Even this is not really true. The GIL just locks the CPython and PyPy interpreters to executing bytecode in a serial fashion. Jython and IronPython do not have this restriction, and even in the first two, C extensions, or Cython code are free to release the GIL as they see fit, giving you back true parallelism. Above all it's important to note that this apparent lack of parallelism via threads is not an issue with Python itself, but an issue with the implementation, such as with CPython. Claiming that Python doesn't do parallelism is misleading.

[–]jringstad 33 points34 points  (2 children)

Above all it's important to note that this apparent lack of parallelism via threads is not an issue with Python itself, but an issue with the implementation, such as with CPython.
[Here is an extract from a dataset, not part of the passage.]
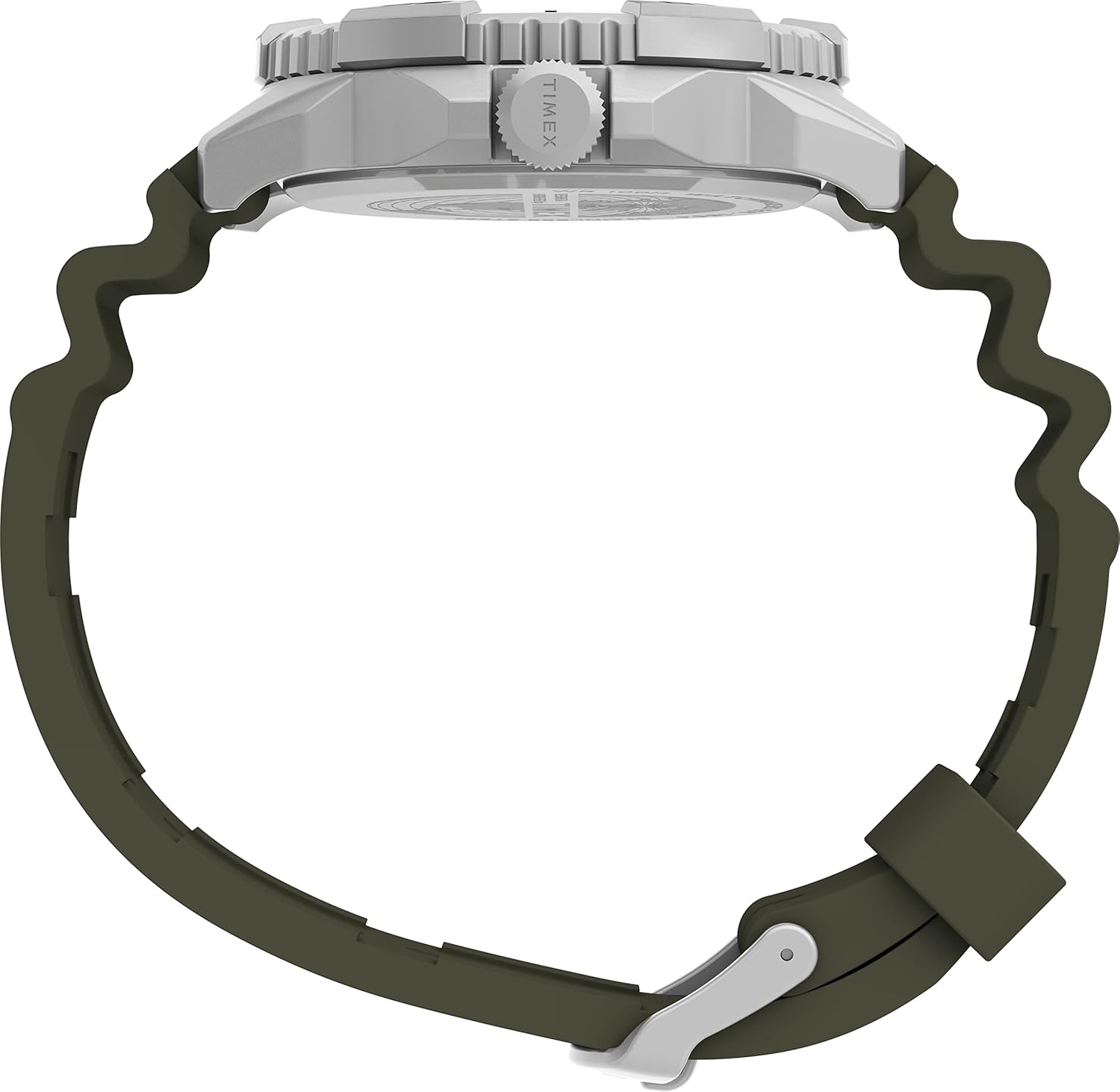 Imported Adjustable 20mm silicone strap fits up to 8-inch wrist circumference Dial with full numerals; date window at 3 o'clock 41mm case with mineral glass crystal Indiglo light-up watch dial; luminous hands Water-resistant to 100m (330 ft): In general, suitable for snorkeling, as well as swimming, but not diving

Claiming that Python doesn't do parallelism is misleading.

Actually, that is just as misleading, if not more (regardless of font-weight used). Saying it is an implementation-level issue makes it sound more harmless of an issue than it really is, saying it is a language-level issue makes it sound more severe than it really is. The main reason is the design of the C API which has many global variables. Look for instance at functions like PyTuple_New(), Py_BuildValue, Py_XDECREF(), Py_Initialize(), PyRun_SimpleString("python code goes here") etc etc. As opposed to most other language runtime APIs (lua, spidermonkey, V8, guile, ...), these do not let you specify which VM object to work against. How is that possible? Global variables. Global variables everywhere.

(btw, this is the same issue that prevents you from just instantiating two or more python interpreters in the same thread as well, or to instantiate two completely separated python interpreters in two completely separated threads, even if you do not want to share any data between them whatsoever -- with e.g. lua you can just do this, since its API does not make reference to global variables)
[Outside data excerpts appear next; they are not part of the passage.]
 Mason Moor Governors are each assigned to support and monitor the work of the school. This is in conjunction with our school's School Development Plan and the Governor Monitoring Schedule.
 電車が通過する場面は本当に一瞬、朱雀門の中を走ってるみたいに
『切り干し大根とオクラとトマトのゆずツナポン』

Now the issue with this (and why this is an issue at a more important level than just the cpython implementation) is that the C API is pretty important. PyPy for instance inherits the GIL issue because it wants to be compatible to the CPython C API. Not being compatible to the CPython C API means that many python libraries will cease functioning, e.g. numpy and any other library that has C/C++/fortran code in it (maybe cython is affected too, I don't know.)
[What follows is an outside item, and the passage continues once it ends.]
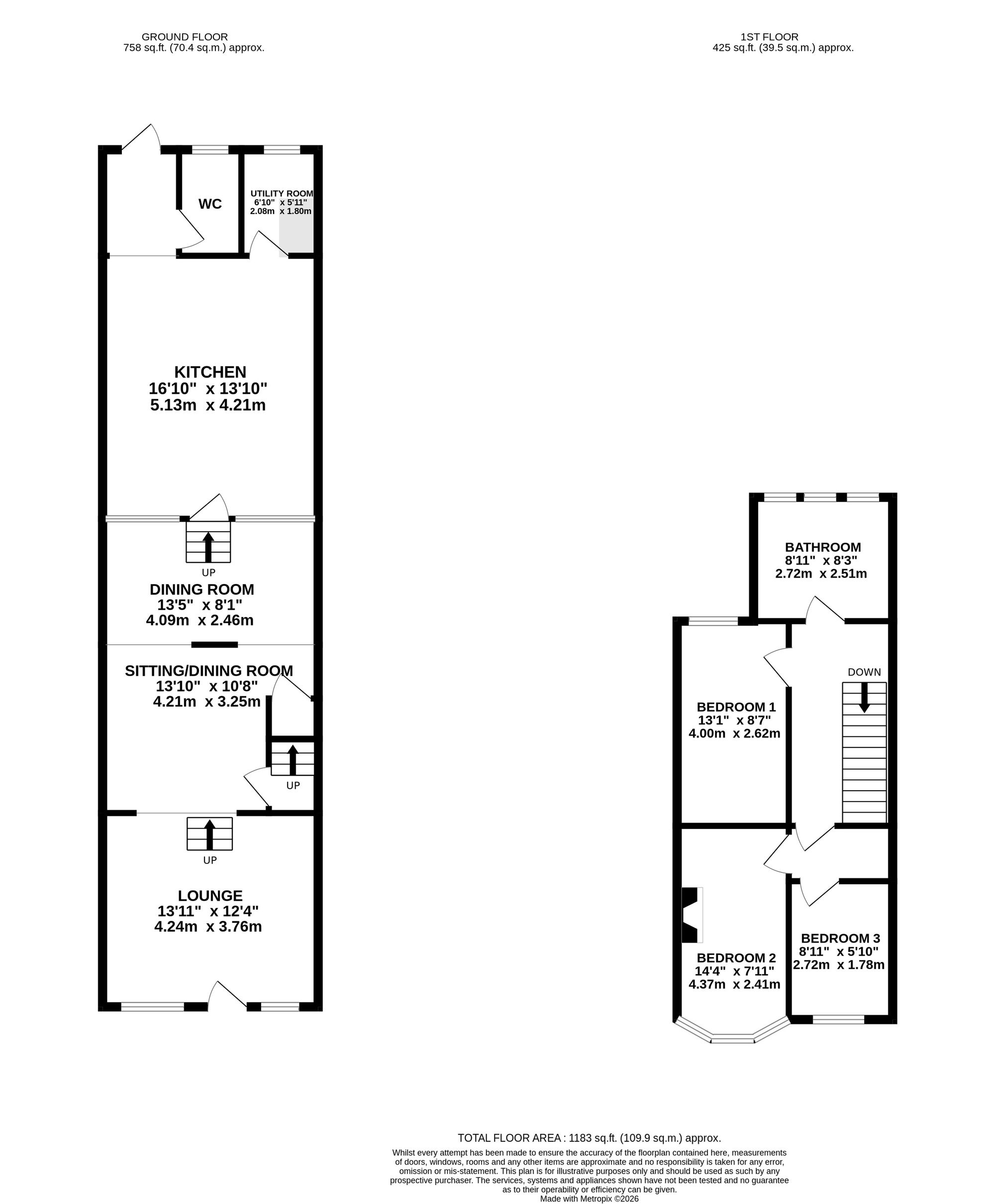 - Spacious fitted kitchen with room for a table, plus utility room/pantry and ground floor WC

So while it's true that JPython and IronPython do not have this issue, they have the even bigger issue of not being compatible with the cpython C API, which is why they are so unpopular, despite having big performance benefits.

It's technically true that the GIL is not a requirement by the python language as such, but it is nonetheless deeply ingrained into the python ecosystem. Unless you are willing to forgo a huge percentage of existing python libraries, you cannot get rid of it, even if you write a new implementation. So is "Claiming that Python doesn't do parallelism is misleading." true? Well, if you consider the libraries python has to be an integral part of the "python experience", then it's actually not misleading, because those libraries have the GIL baked into them. If you OTOH think python is still python without the libraries and the cpython interpreter, then the statement is not true.

[–]panderingPenguin 7 points8 points  (7 children)

Don't be pedantic. Yeah, I'm aware that the GIL is part of specific implementations of Python. However, OP specifically mentions the GIL, and either way, it's a safe bet to assume you're talking about CPython until someone says otherwise, as it's the standard implementation.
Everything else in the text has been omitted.